Deviations from the vertical are measured by two orthogonally mounted inclination sensors. Either one or two ribs may be actuated to direct the drill bit back onto the vertical course. Valves and electronics, usually mounted above the drilling motor, control the actuation of the ribs. Mud pulse or other telemetry systems are used to transmit inclination signals to the surface. Lateral deviation of boreholes from the planned course (radial displacement) achieved with such SDD systems has been nearly two orders of magnitude smaller than with conventional assemblies. SDD systems have been used to form narrow cluster boreholes and less tortuous boreholes, thereby reducing or eliminating reaming requirements.
A multi-point drilling assembly with a stabilized motor is also known in the art. The multi-point drilling assembly includes a set of reamer cutters incorporated in a bit box which acts as a roller bearing, guiding the drill bit. Stabilizers on the bearing assembly and the stator, also known as the power section, reduce deviation of the drill sting while drilling. The reamer cutters also act to cut the wellbore once the drill bit starts to wear, thereby reducing the amount of undergauged hole. One example of such an assembly is provided by Wenzel Downhole Tools (Oklahoma City, Okla.).
Automated drilling systems having ribs mounted on non-rotating sleeves near the drill bit, wherein each rib may be individually actuated, are known in the art. For example, AutoTrak®, by Baker Hughes Incorporated (Houston, Tex.), has three hydraulically-operated stabilizer ribs mounted on a non-rotating sleeve. Integrated formation evaluation sensors allow steering based on directional parameters and reservoir changes, thereby guiding the bit in the desired direction. A drilling motor may be used to drive the entire assembly, thereby providing more power to the bit. The ribs may be integrated into the bearing assembly of the drilling motor.
Automated drilling systems and rotary steerable systems typically include equipment that is expensive to manufacture and operate. The cost of running an automated drilling system or a rotary steerable system may cost any where from $25,000/day to $40,000/day.

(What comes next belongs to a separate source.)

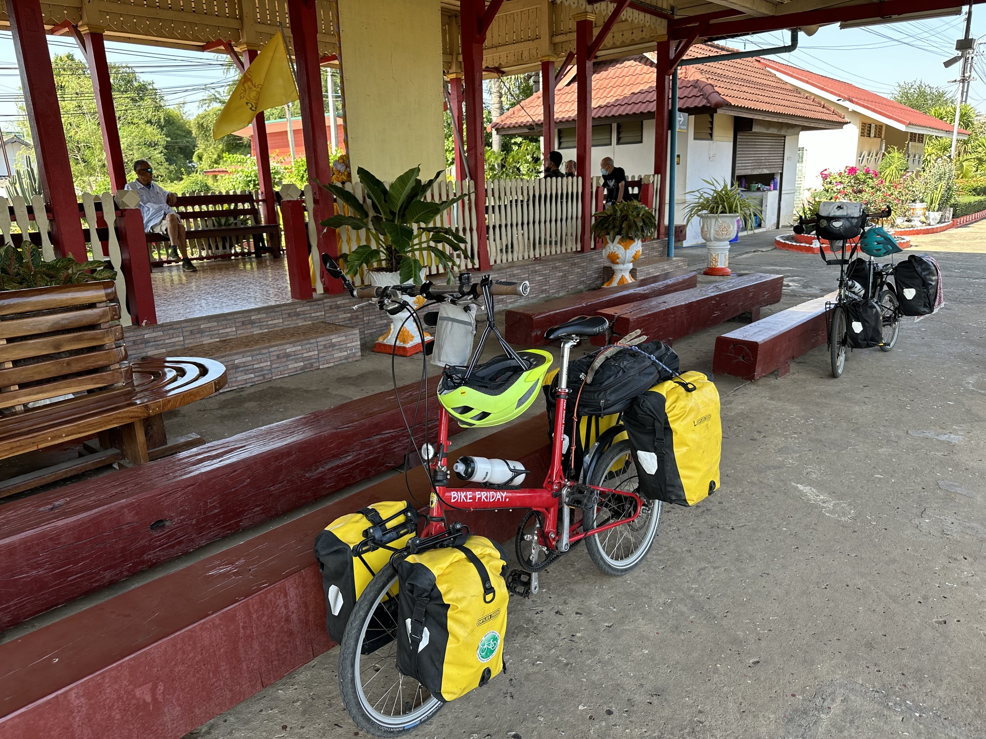 Pulling into Hualamphong station was completely bizarre. No more bustle of numerous trains and crowds of people, ours was the only train, there was a sleepy looking security guy at a table, the main station was closed. We de-trained our bikes and panniers, got everything loaded, and then walked the very short walk to the hotel we like to stay at, right across the klong from the train station.

Accordingly, there exists a need for a more cost efficient drilling system that drills a concentric wellbore along a vertical trajectory. Additionally, there exists a need for a more cost efficient drilling system that drills a concentric wellbore along a deviate trajectory. Further, there exists a need for drilling system that minimizes the tortuousity of wellbore and reduces localized dog-leg severity. Still further, there exists a need for a stabilized drilling system with reduced damage to the wall of the wellbore.